During the Cold War, of course, the threat of nuclear weapons use was ever present. Any major clash between the superpowers—say, over Berlin or Cuba—was assumed to harbor a potential for rapid escalation from non-nuclear, “conventional” conflict to nuclear war. After the cuban missile crisis of 1962, in which a nuclear conflagration was barely avoided, the United States and the Soviet Union tried to avoid actions that might lead to a direct clash between them, but both continued to enhance the destructive potential of their respective thermonuclear arsenals. Only with the end of the Cold War and the dissolution of the Soviet Union did the threat of instant annihilation cease being a constant global worry.
In the years following the Cold War, the prospect of a nuclear exchange between the major powers largely disappeared from the agendas of international policy-makers. That does not mean that the danger of nuclear weapons use disappeared entirely: Both the United States and Russia engaged in the continuous modernization of their atomic arsenals; China, India, Israel, and Pakistan expanded their stockpiles; and the US and North Korea exchanged some harsh nuclear threats. But few outside of the military and a small specialist community paid much attention to these developments and the persistent dread of nuclear annihilation—so widespread during the Cold War era—largely evaporated.

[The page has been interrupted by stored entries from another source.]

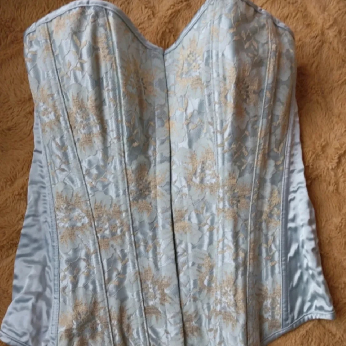 Säljer en superfin ljusblå korsett med vackra broderade blommor i guld. Den har en klassisk passform och är perfekt för festliga tillfällen. Materialet känns lyxigt och ger en elegant look. Passar perfekt till både kjol och byxor!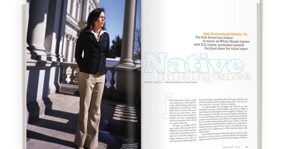 It’s understandable that the biggest D.C. storm in 50 years would fail to impress a South Dakotan who went to college in New Hampshire. Although the weather might be “nothing,” Gillette’s occupancy of the office just across the hall from the balcony is truly something. In February 2009 Barack Obama named her a deputy associate director of the Office of Intergovernmental Affairs. A member of the Standing Rock Sioux, Gillette is the first Native American to hold the position, which serves as the administration’s primary liaison to the country’s 564 federally recognized tribes. Or, as Gillette puts it: “We’re their front door to the White House.”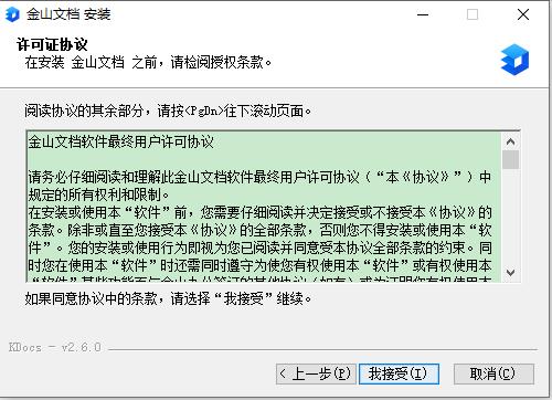 2、点击"我接受"许可协议中的条款进行下一步操作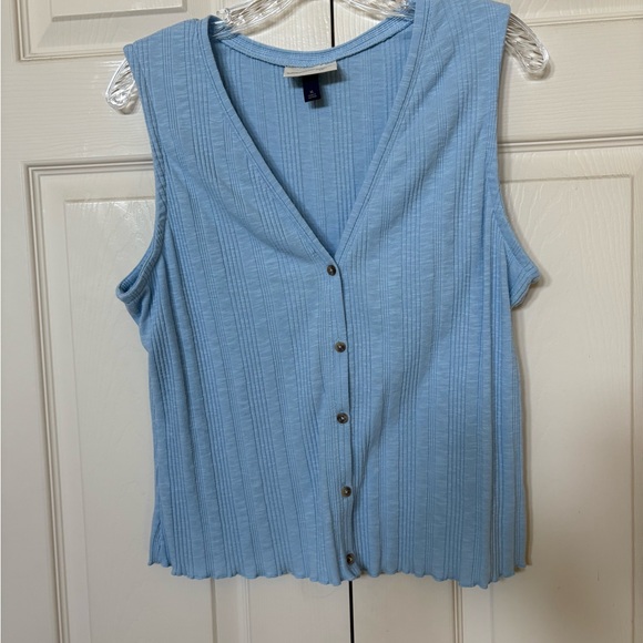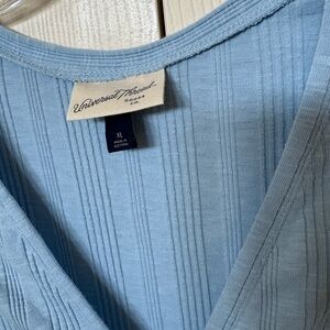 Stylish blue blouse by Universal Thread. Features ribbed texture and V-neck design. Buttons down the front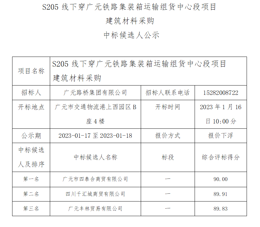 廣元路橋集團(tuán)有限公司S205線下穿廣元鐵路集裝箱運輸 組貨中心段項目建筑材料采購中標(biāo)候選人公示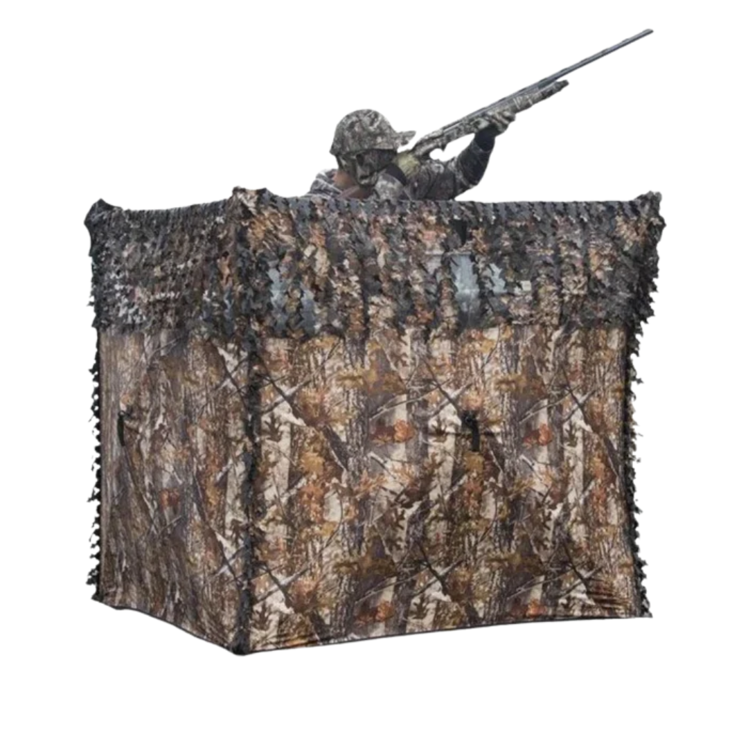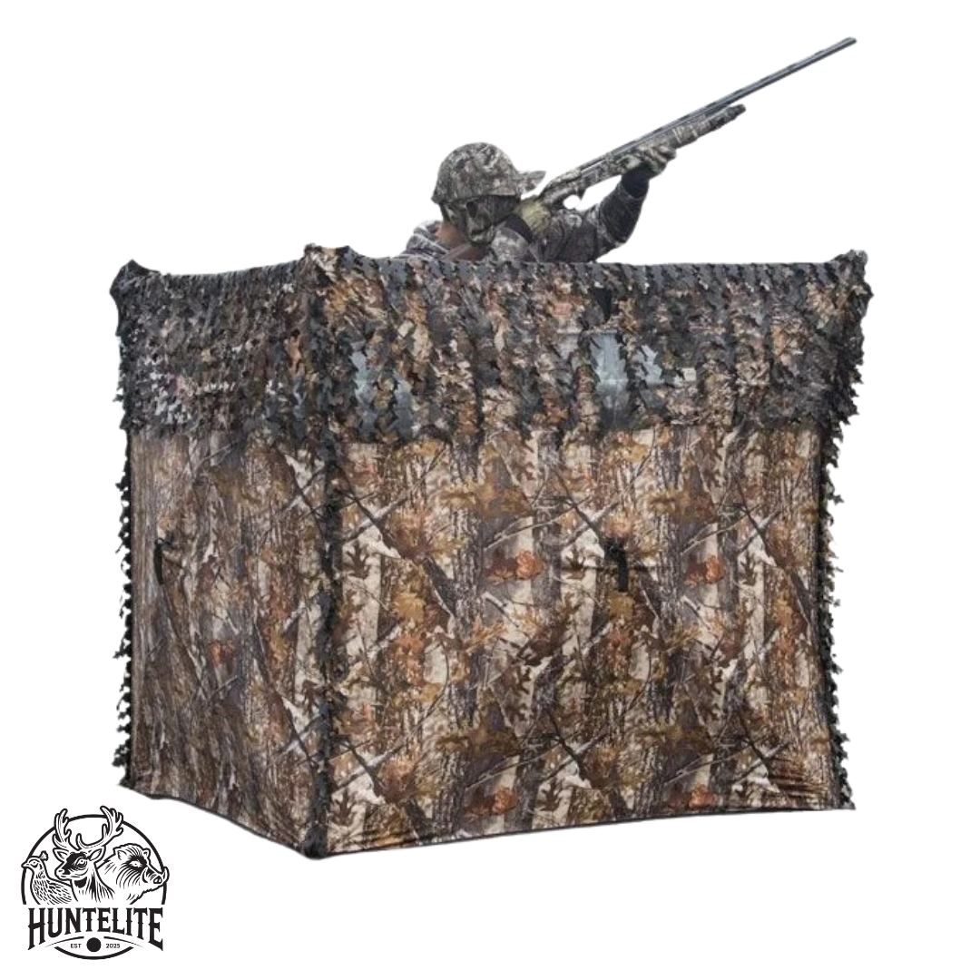 Die HuntElite 3D Tarnblende mit drei Seiten ist die ideale Lösung für flexible Tarnung bei der Jagd. Dank des cleveren Designs lässt sich das Blinde in Sekundenschnelle aufstellen und ebenso schnell wieder zusammenfalten – ganz ohne Werkzeug. Perfekt für mobile Jäger, die Wert auf schnellen Standortwechsel legen.

With Russia’s invasion of Ukraine, however, all that has changed. We have now entered a period in which the deliberate use of nuclear weapons is again a distinct possibility, and every clash between the major powers carries the risk of nuclear escalation.
The conditions that made this transformation possible—including a renewed emphasis on nuclear war-fighting among the major powers—have been in place for several years, but the decisive shift was propelled by Russian President Vladimir Putin’s multiple threats to employ nuclear weapons against any other state that attempt to impede his drive to subjugate Ukraine.
Putin’s first such warning came on February 24, the day Russian troops commenced their attack on Ukraine. In a speech announcing the invasion, he warned that any country that “tries to stand in our way” would face consequences “such as you have never seen in your entire history”—language that could only apply to a nuclear holocaust.
If there were any doubt about his meaning, Putin eliminated that three days later in an address condemning the sanctions imposed on Russia by the US and its NATO allies. “Western countries aren’t only taking unfriendly economic actions against our country, but leaders of major NATO countries are making aggressive statements about our country,” Putin told his senior military advisers on February 27. “So, I order to move Russia’s deterrence forces to a special regime of combat duty.”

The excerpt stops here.